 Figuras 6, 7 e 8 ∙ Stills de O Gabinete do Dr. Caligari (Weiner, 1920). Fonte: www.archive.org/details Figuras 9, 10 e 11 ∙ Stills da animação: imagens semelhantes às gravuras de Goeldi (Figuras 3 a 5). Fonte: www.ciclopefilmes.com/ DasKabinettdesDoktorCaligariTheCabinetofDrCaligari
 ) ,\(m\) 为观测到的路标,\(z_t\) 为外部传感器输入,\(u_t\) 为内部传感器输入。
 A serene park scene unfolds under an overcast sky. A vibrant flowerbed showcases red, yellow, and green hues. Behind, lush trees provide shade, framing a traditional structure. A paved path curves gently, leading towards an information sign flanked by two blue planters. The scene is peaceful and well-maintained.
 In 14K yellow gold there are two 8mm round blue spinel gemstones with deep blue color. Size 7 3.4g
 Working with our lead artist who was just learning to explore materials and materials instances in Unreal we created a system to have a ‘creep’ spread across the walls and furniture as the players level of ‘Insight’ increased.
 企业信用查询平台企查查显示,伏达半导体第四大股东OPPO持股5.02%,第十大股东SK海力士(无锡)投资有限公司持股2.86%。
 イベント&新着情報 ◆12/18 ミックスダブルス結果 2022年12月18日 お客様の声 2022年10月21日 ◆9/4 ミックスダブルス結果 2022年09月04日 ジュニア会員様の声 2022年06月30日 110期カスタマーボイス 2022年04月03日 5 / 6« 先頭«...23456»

...

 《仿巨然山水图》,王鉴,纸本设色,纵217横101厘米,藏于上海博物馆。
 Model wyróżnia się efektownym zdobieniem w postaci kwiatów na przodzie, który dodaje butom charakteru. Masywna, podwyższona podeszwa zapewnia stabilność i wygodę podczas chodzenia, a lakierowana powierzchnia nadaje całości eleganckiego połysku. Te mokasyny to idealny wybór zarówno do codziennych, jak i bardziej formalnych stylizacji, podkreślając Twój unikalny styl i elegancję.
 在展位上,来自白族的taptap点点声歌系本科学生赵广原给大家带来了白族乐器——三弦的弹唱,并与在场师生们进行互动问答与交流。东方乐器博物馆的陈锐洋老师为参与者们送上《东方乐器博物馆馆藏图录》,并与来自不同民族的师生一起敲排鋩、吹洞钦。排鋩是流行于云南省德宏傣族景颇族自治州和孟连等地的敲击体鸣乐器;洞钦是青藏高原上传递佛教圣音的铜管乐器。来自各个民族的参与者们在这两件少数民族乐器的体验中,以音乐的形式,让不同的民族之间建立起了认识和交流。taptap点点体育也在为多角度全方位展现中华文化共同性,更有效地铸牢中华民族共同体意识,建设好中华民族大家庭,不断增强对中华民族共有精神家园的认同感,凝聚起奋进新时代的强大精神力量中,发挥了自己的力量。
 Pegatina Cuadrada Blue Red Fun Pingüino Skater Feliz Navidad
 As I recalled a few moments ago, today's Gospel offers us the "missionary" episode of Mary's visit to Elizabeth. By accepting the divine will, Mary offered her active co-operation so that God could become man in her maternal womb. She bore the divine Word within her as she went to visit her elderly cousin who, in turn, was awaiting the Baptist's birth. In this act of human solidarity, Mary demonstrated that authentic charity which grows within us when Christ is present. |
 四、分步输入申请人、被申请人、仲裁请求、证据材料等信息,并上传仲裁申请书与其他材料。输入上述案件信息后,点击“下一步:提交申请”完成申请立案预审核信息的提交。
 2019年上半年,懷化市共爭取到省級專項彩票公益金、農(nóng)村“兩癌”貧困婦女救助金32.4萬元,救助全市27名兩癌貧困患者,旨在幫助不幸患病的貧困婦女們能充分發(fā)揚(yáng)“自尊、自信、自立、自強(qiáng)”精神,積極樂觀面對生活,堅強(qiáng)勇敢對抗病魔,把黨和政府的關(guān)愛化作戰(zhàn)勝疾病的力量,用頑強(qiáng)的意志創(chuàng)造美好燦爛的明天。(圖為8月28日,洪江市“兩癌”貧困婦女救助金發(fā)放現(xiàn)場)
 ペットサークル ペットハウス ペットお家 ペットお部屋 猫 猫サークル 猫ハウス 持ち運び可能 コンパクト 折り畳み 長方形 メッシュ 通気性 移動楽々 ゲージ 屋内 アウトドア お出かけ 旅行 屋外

WORK REQUIRED: Your answer should consist of the lines from the line with "在展位上,来自白族的tapt" to the line with "ペットサークル ペットハウス ペットお家" above, repeated exactly, both ends included.

EXERCISE RESULT:
 在展位上,来自白族的taptap点点声歌系本科学生赵广原给大家带来了白族乐器——三弦的弹唱,并与在场师生们进行互动问答与交流。东方乐器博物馆的陈锐洋老师为参与者们送上《东方乐器博物馆馆藏图录》,并与来自不同民族的师生一起敲排鋩、吹洞钦。排鋩是流行于云南省德宏傣族景颇族自治州和孟连等地的敲击体鸣乐器;洞钦是青藏高原上传递佛教圣音的铜管乐器。来自各个民族的参与者们在这两件少数民族乐器的体验中,以音乐的形式,让不同的民族之间建立起了认识和交流。taptap点点体育也在为多角度全方位展现中华文化共同性,更有效地铸牢中华民族共同体意识,建设好中华民族大家庭,不断增强对中华民族共有精神家园的认同感,凝聚起奋进新时代的强大精神力量中,发挥了自己的力量。
 Pegatina Cuadrada Blue Red Fun Pingüino Skater Feliz Navidad
 As I recalled a few moments ago, today's Gospel offers us the "missionary" episode of Mary's visit to Elizabeth. By accepting the divine will, Mary offered her active co-operation so that God could become man in her maternal womb. She bore the divine Word within her as she went to visit her elderly cousin who, in turn, was awaiting the Baptist's birth. In this act of human solidarity, Mary demonstrated that authentic charity which grows within us when Christ is present. |
 四、分步输入申请人、被申请人、仲裁请求、证据材料等信息,并上传仲裁申请书与其他材料。输入上述案件信息后,点击“下一步:提交申请”完成申请立案预审核信息的提交。
 2019年上半年,懷化市共爭取到省級專項彩票公益金、農(nóng)村“兩癌”貧困婦女救助金32.4萬元,救助全市27名兩癌貧困患者,旨在幫助不幸患病的貧困婦女們能充分發(fā)揚(yáng)“自尊、自信、自立、自強(qiáng)”精神,積極樂觀面對生活,堅強(qiáng)勇敢對抗病魔,把黨和政府的關(guān)愛化作戰(zhàn)勝疾病的力量,用頑強(qiáng)的意志創(chuàng)造美好燦爛的明天。(圖為8月28日,洪江市“兩癌”貧困婦女救助金發(fā)放現(xiàn)場)
 ペットサークル ペットハウス ペットお家 ペットお部屋 猫 猫サークル 猫ハウス 持ち運び可能 コンパクト 折り畳み 長方形 メッシュ 通気性 移動楽々 ゲージ 屋内 アウトドア お出かけ 旅行 屋外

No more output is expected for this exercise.